ベトナムの皿

青磁なのだが青ではない。どちらかというと緑だ。古いカラー見本を引っ張り出して照合してみると青磁色というのがあるが白すぎる。浅緑、生竹(おいたけ)寂浅葱(さびあさぎ)木賊色(とくさ)。どれも、濃過ぎ、蒼すぎ、明るすぎるが、色の表現というのは面白い。
装飾には陰と陽、二つの手法が使われていて、陰刻によって流水を、陽刻によって二匹の魚が中央に巴の形に配された図柄だ。裏を返すと、高台から放射状に波型の凹凸ができていて凹んだところに釉薬が溜り、花びらのような模様を形成する。縁は雲形に波を打ち外へ向けて程よく反る。
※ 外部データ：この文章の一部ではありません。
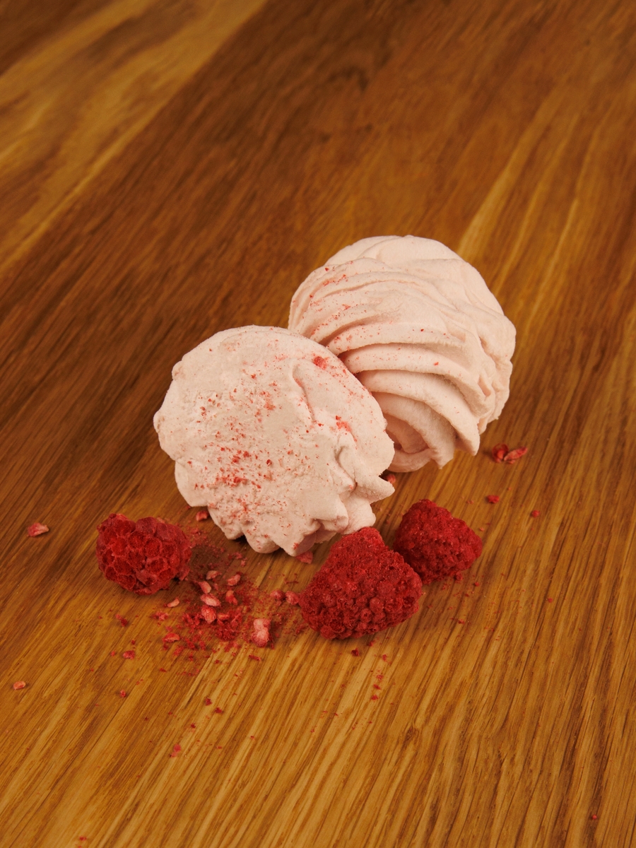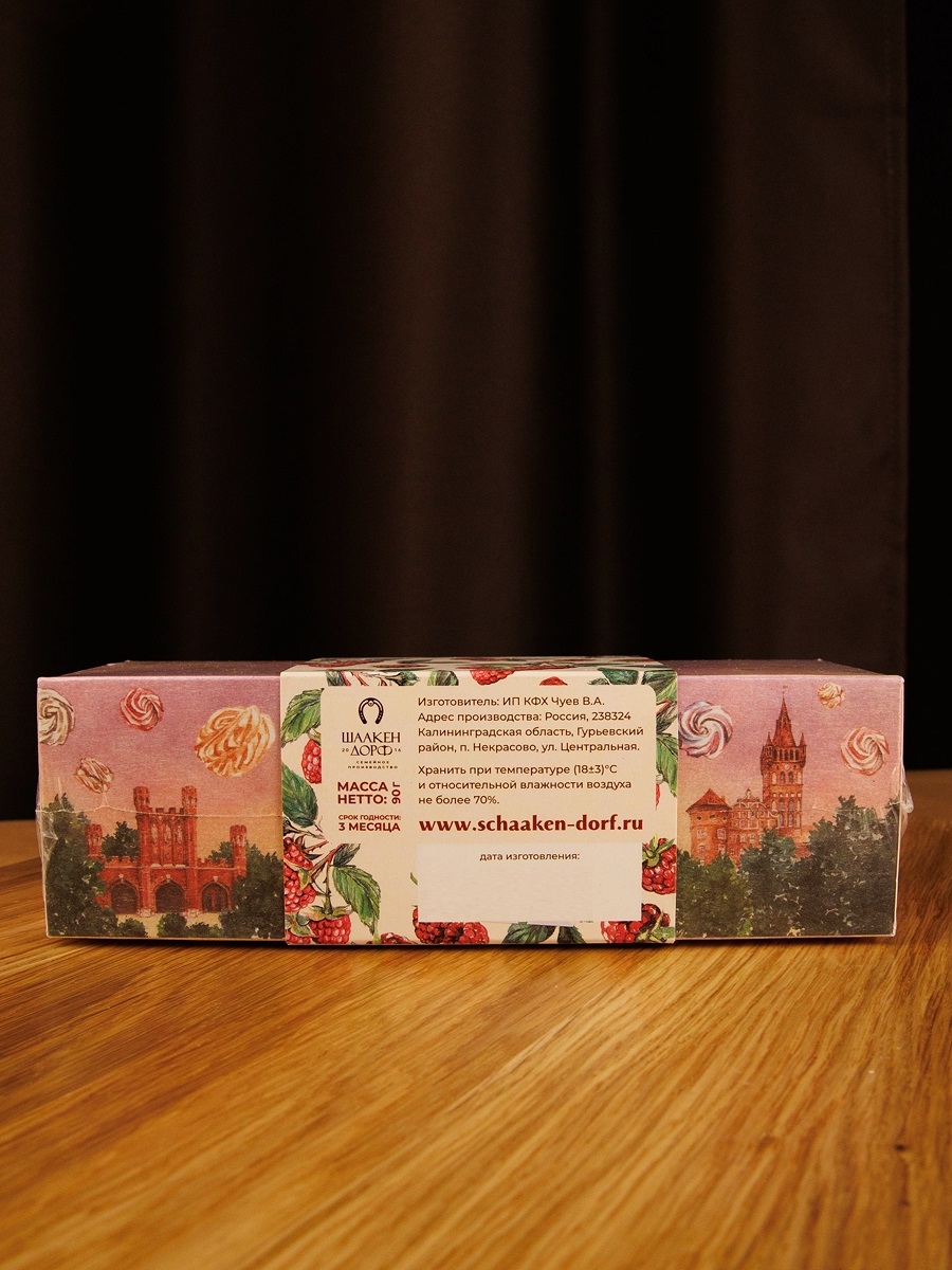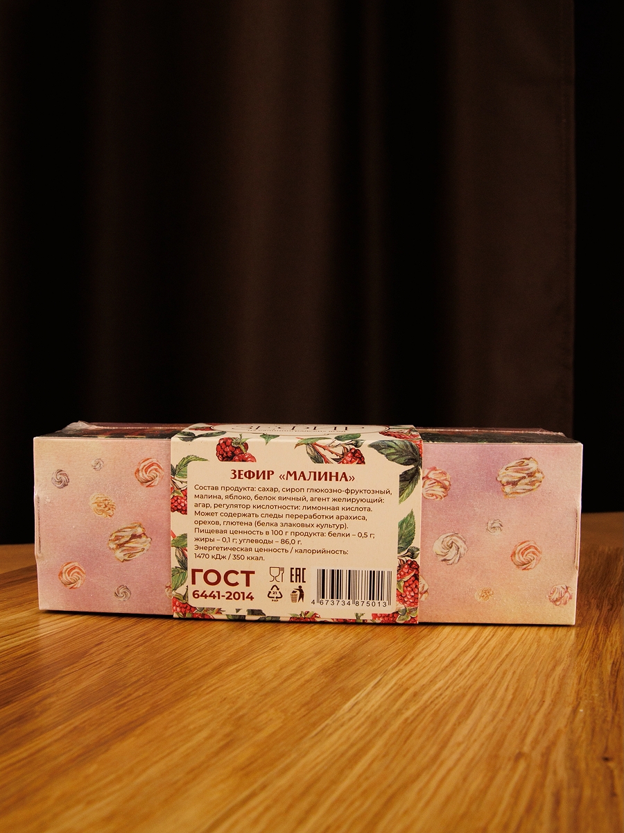 Состав: сахар, сироп глюкозно-фруктозный, малина, яблоко, белок яичный, агент желирующий: агар, регулятор кислотности: лимонная кислота.
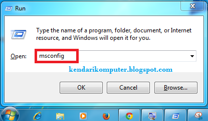 Langkah pertama, Klik Start kemudian pada menu search ketikan msconfig atau tekan tombol Home + R,
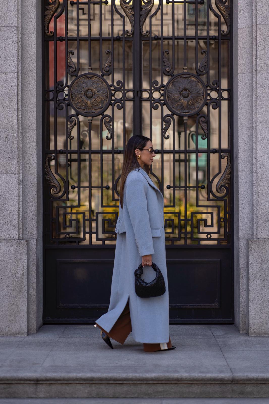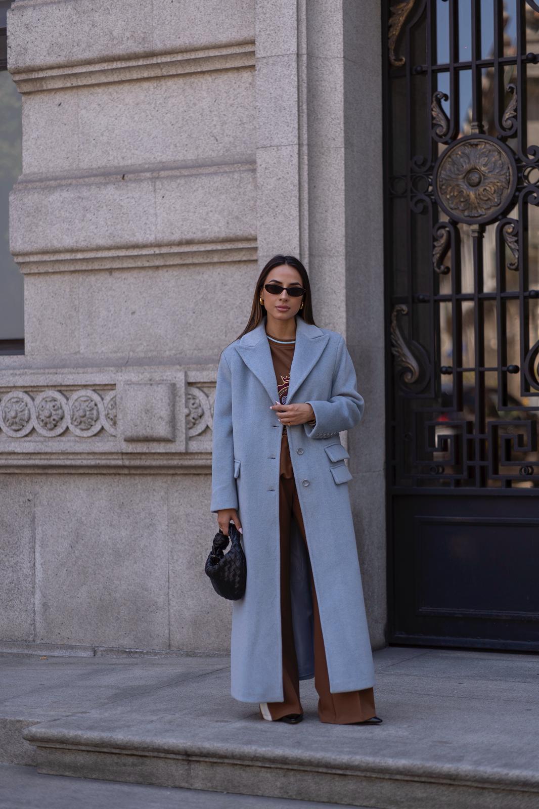 Casaco comprido Sahoco em lã premium. O design estruturado com lapelas clássicas e abotoamento frontal transmite elegância intemporal. Detalhe posterior com faixa e botões para um ajuste refinado. Perfeito para completar coordenados elegantes em dias frios, combinando modernidade com sofisticação.
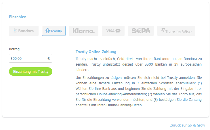 Auf der nächsten Seite kannst du eine Möglichkeit zur Einzahlung auswählen. Am schnellsten erfolgt die Einzahlung über Trustly.
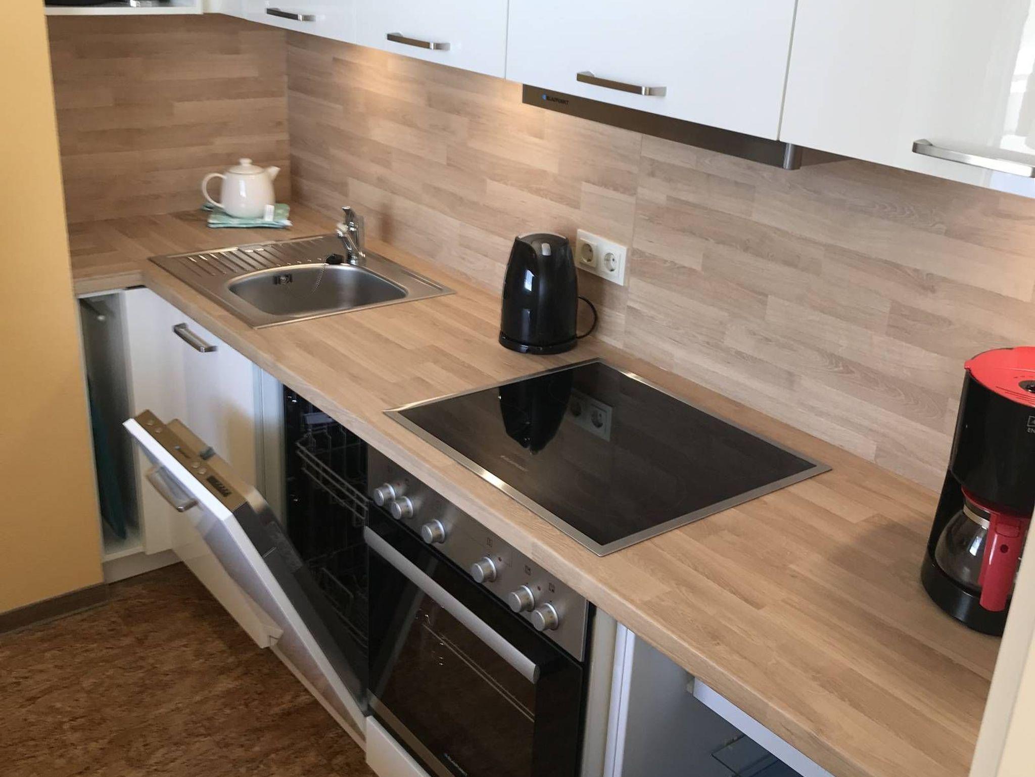 Mit einer Größe von ca. 66 m² Wohnfläche ist die Wohnung komplett bis zu 4 Personen ausgestattet, Wohnzimmer mit kompletter neuer Einbauküche (Backofen, Cerankochfeld, Geschirrspüler, Toaster, Wasserkocher, Kühlschrank), Essplatz für 2 Personen, Sofa-Ecke und direktem Zugang zur großen Dachterrasse, 1 Schlafzimmer mit Doppelbett (Kleiderschrank, 1 Flatscreen TV), Bad mit Dusche und WC, 1 Flatscreen TV im Wohnzimmer, Nichtraucherwohnung, keine Haustiere, PKW-Stellplatz direkt am Haus. Die kompletten Außen-Türen und die Fenster sind mit Insektenschutz versehen.
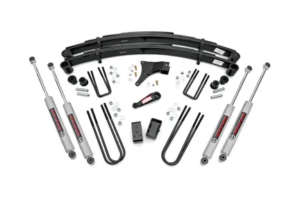 Give your 86-97 Ford F-350 an impressive upgrade, front to back with Rough Country's 4" Ford Suspension Lift Kit! This easy-to-install lift kit raises the front of your vehicle to be equal height with the rear for a leveled, better-than-stock look that gives an improved ride height and more aggressive appearance. This kit features a set of front, lifted leaf springs allowing you gain additional ride height without sacrificing ride quality or performance. A pitman arm and track bar bracket are provided to keep everything at optimum angles for a factory-like ride, even after lifting. A set of Rough Country's premium N3 shocks are also included. These fine tuned 10-stage variable high-pressure Nitrogen charged shocks offer a fantastic blend of off-road action and smooth highway ride quality. With a durable 18mm spring-loaded piston rod and faster-cooling 54mm shock body. Get the wheels you want! Rough Country's 4" Ford Suspension Lift Kit comes with everything you need to fit up to a 35" tire with proper wheel backspacing. Best of all, Rough Country's 4" Ford Suspension Lift Kit is backed by our Lifetime Replacement Warranty.

青磁の青は鉄とか鉛、或いは銅の発色で生まれる。磁器は地をきめの細かいガラス質の土で白く焼き上げるので釉薬の色が映える。
備前とか信楽などの土物の灰(燃料の木の灰)を被ってできた自然釉溜りをよく見ると、緑色を帯びたガラス質であったりする。私は秘色とか青瓷(あおし)の青は木灰によるものだと思っていて、のちに調合によって作られたにしろ自然が発色した色であるから惹かれるのだと信じている。
ベトナムの民芸品屋の隅に、少々難あり品としてよけられた皿が、憧れの翠沼の湖面のような輝きをまとってあるのを見つけた時、買わずにいられなかった言い訳。ほんとやすかったんだから!